Frequently, of course, performance does not matter,
but it is important that programmers are aware of the consequences of their
choices. We are not saying that only vectors should be used, there are
cases when one really needs a more complicated data structure, but one needs to
understand the price for additional functionality.

The secondary purpose of the benchmark is to encourage compiler and library vendors to
keep improving performance. For example, it is not acceptable that some compilers give
you a sizable penalty for using vector iterators instead of pointer.
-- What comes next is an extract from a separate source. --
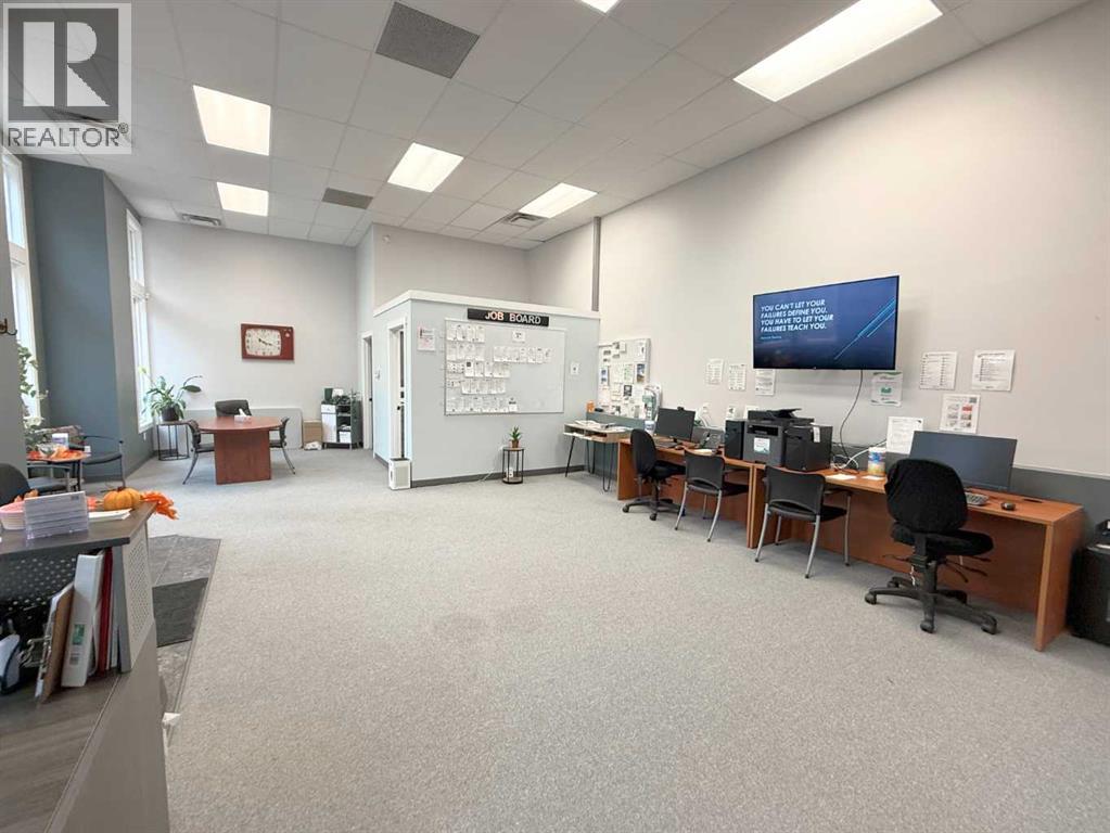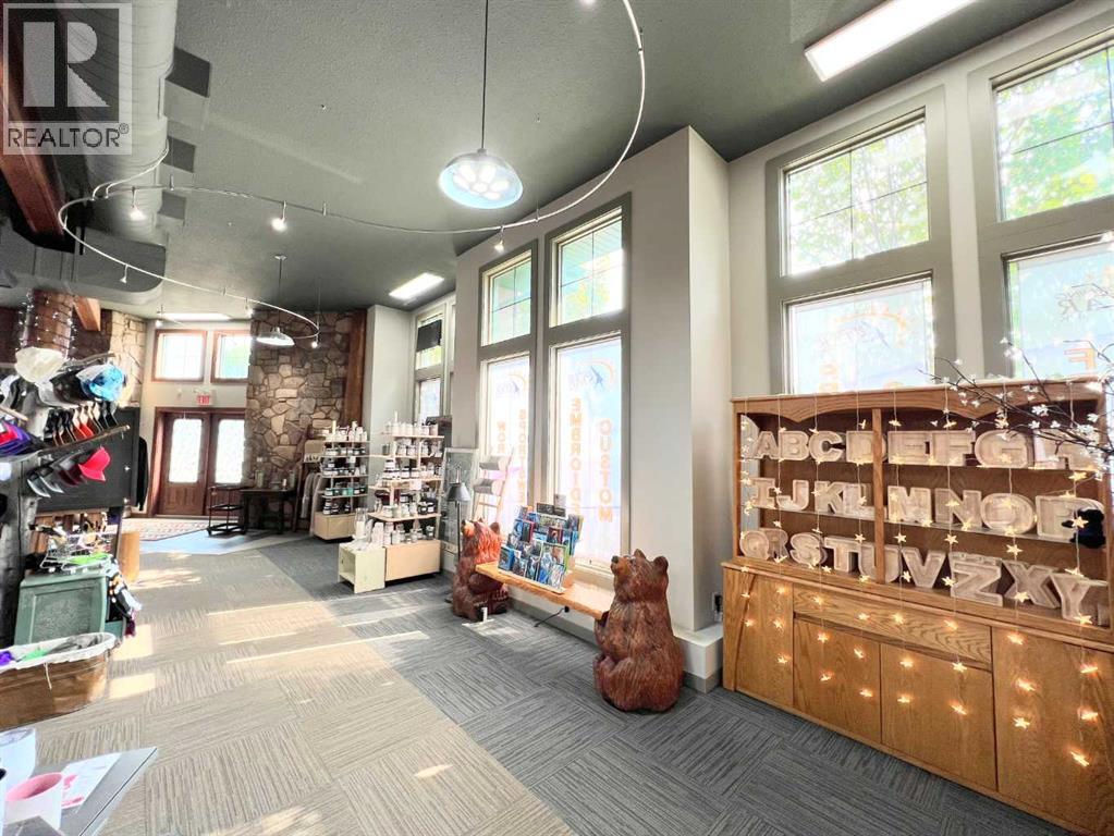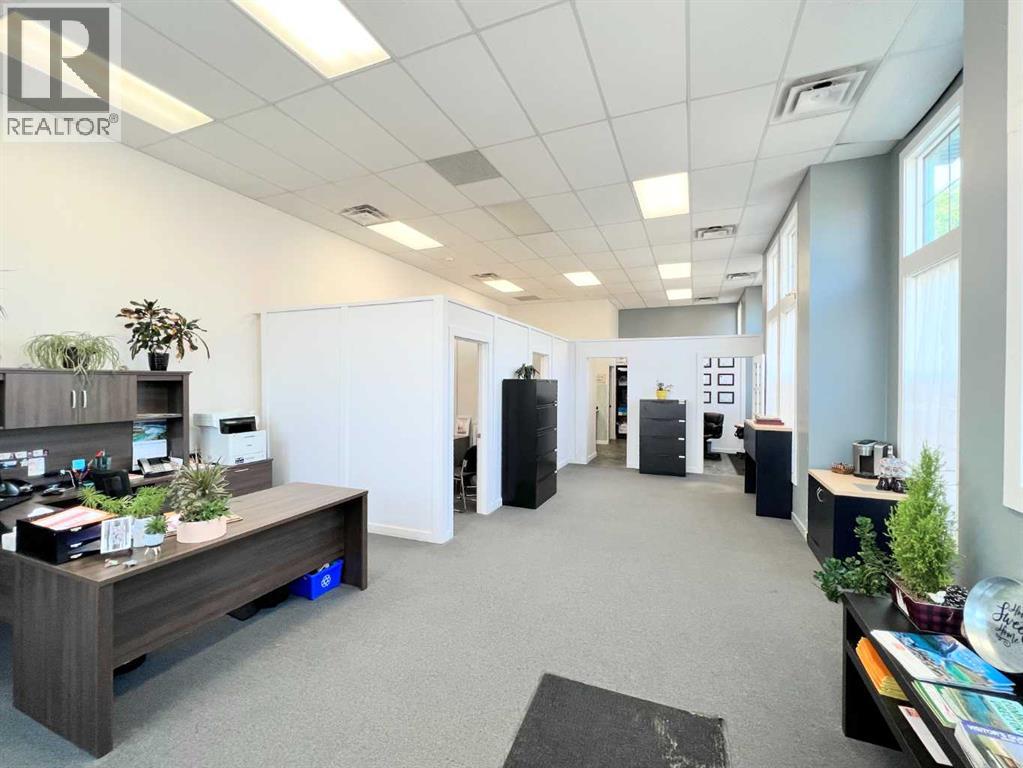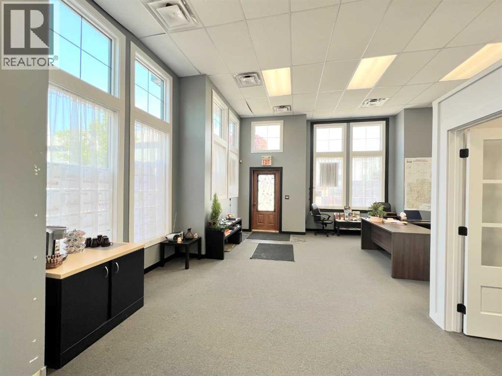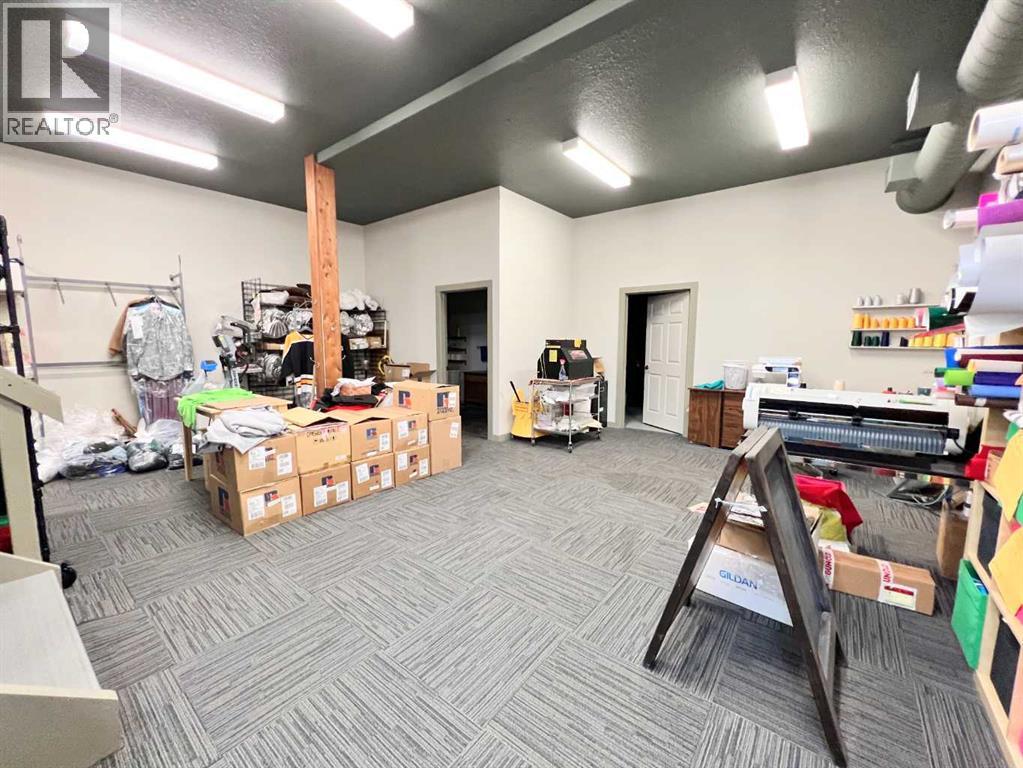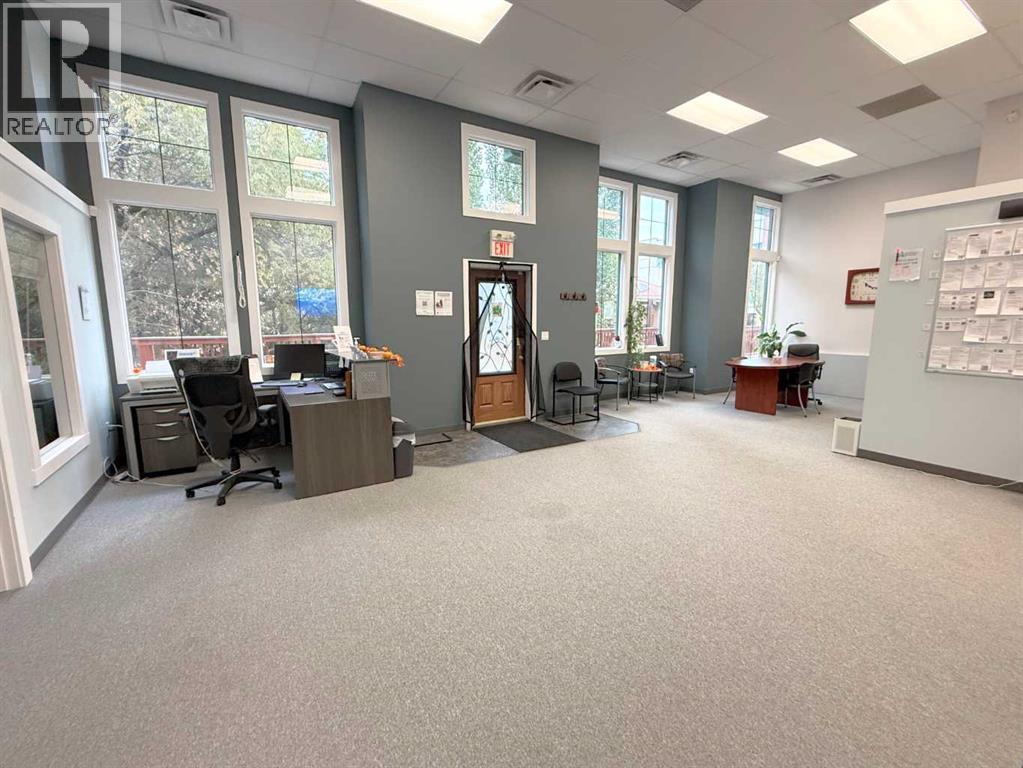 One of Athabasca's signature retail/office buildings on two corner lots with Highway 2 frontage. Offering an elevated customer experience, no expense was spared on the details of this development. 12 ft high ceilings throughout, plus additional vault in Unit A to the open second level. Unit A is just over 4700 sq ft on the main level with a 1400 sq ft mezzanine. Additional enclosed room with enhanced ventilation, currently used as a printing room. Mezzanine with kitchen is wide open to the main level, showcasing the custom built solid log staircase and railing. Both Units B and C are just under 1000 sq ft, fully open and customizable spaces, with self contained kitchen and bathroom. Prime location on main street, spacious side boardwalk. Low maintenance building has a metal roof and hardy board siding, with river rock trim. In-floor heat throughout. (id:63190)

It is also quite
clear that performance of other standard containers could be improved.

The benchmark is doing the same task 7 times using different data structures:
array, vector (using a pointer as iterator), vector (using the defailt cector iterator),
list, deque, set and multiset. The task is to remove duplicates from a sequence of doubles.
This is a simple test, but it illustrates the performance of containers.

It is clear that the benchmark needs to be eventually extended
to slists and even to hash-sets and hash-maps, but we decided that at present it
should work only with the standard containers. As the standard grows, so can
the benchmark. The additional benefit of not including hash based containers is
that now all the test have identical asymptotic complexity and, even more
importantly, do almost the same number of comparisons. The difference is only
in data structure overhead and cache behavior.

The number of times that a given test is run inversly proportional to NlogN where N is the
size of the sequence. This allows one to see how containers of different size behave.
The instructive values used for the benchmark are: 10, 100, 1000, 10000, 100000, 1000000.

The time taken for a run of the benchmark depends on the machine used, the compiler used,
the compiler and optimizer settings used, as well as the standard library. Please note that
the time taken could be several minutes - and much more if you use a slow debug mode.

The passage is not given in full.